## SUPPLIED DATA
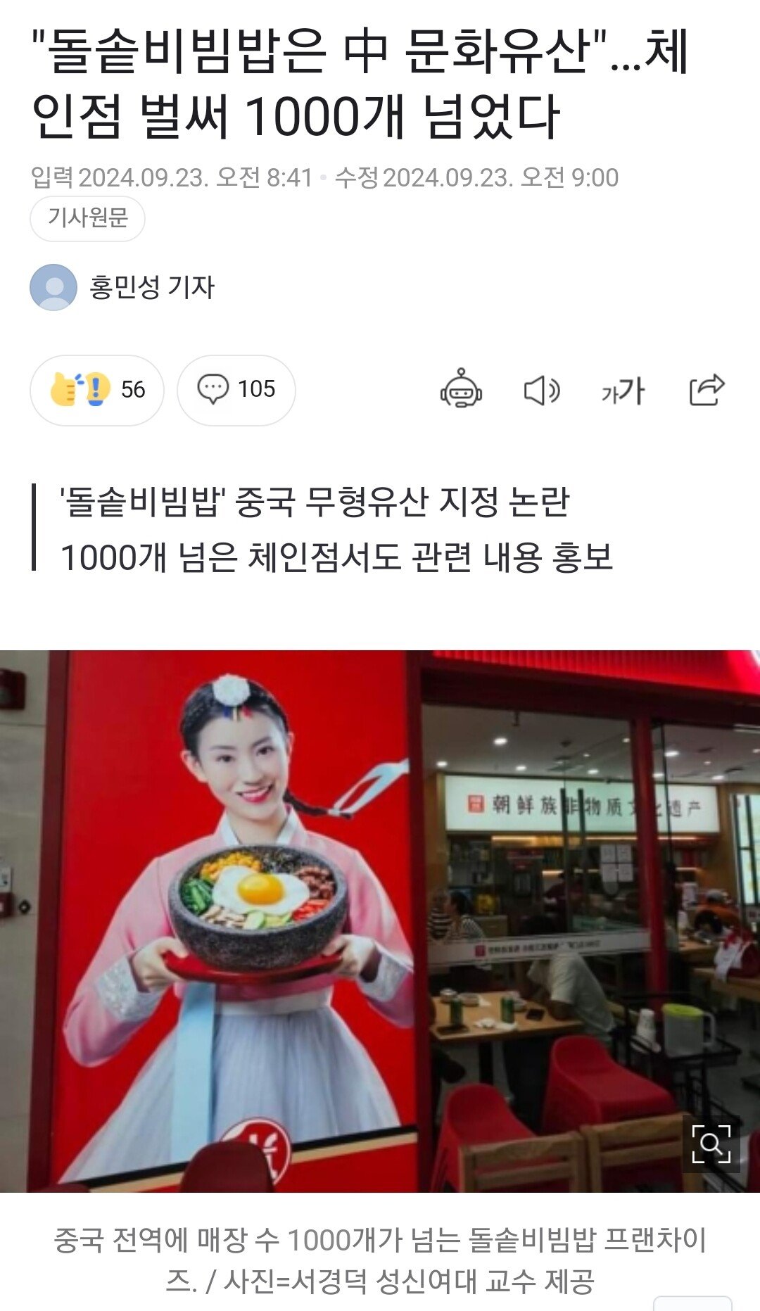 "돌솥비빔밥은 中 문화유산"…체인점 벌써 1000개 넘었다
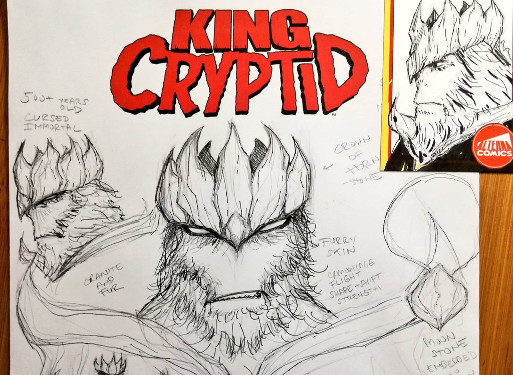 That’s about all the information we have for now. Oh bollocks! We almost cut out of here without sharing Simeti’s first sketches of the King Cryptid character himself! Dopey me. Here ya’ go.
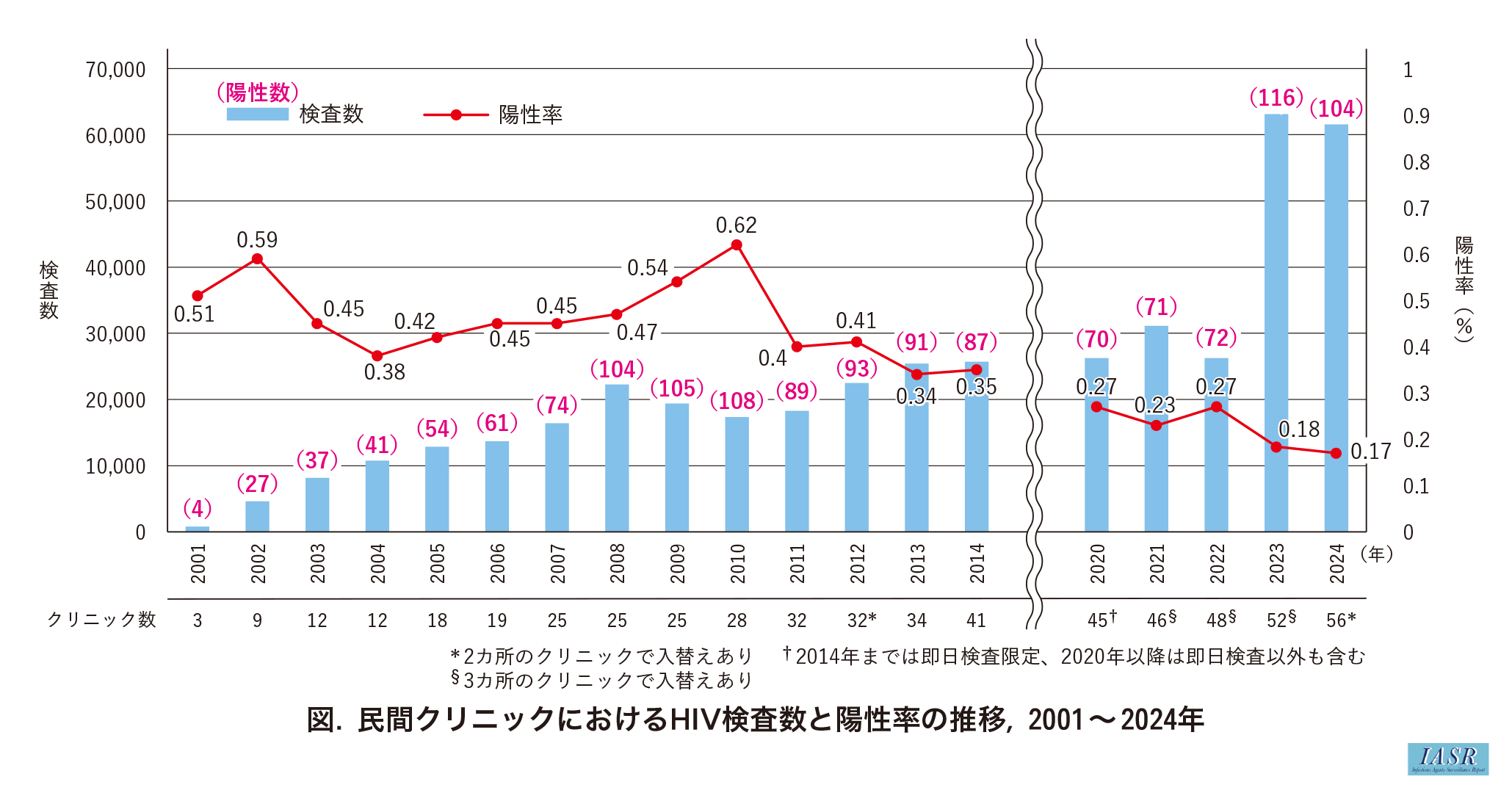 さらに, 本調査は2001年に開始され, 20年以上にわたり民間クリニックにおけるHIV検査状況を一貫して記録してきた(図)。参加施設数と検査件数は年々増加し, わが国における民間クリニックでのHIV検査体制の発展を裏付ける疫学的基盤を形成している。しかし, HIV検査研究班は2024年度で終了し, 長期的な観察体制の継続は不透明である。本稿の公表が, 今後の体制検討の契機となることが期待される。

## TASK DIRECTIONS
A verbatim copy of the material, pictures excluded, is what must be produced.

## EXERCISE ANSWER
 "돌솥비빔밥은 中 문화유산"…체인점 벌써 1000개 넘었다
 That’s about all the information we have for now. Oh bollocks! We almost cut out of here without sharing Simeti’s first sketches of the King Cryptid character himself! Dopey me. Here ya’ go.
 さらに, 本調査は2001年に開始され, 20年以上にわたり民間クリニックにおけるHIV検査状況を一貫して記録してきた(図)。参加施設数と検査件数は年々増加し, わが国における民間クリニックでのHIV検査体制の発展を裏付ける疫学的基盤を形成している。しかし, HIV検査研究班は2024年度で終了し, 長期的な観察体制の継続は不透明である。本稿の公表が, 今後の体制検討の契機となることが期待される。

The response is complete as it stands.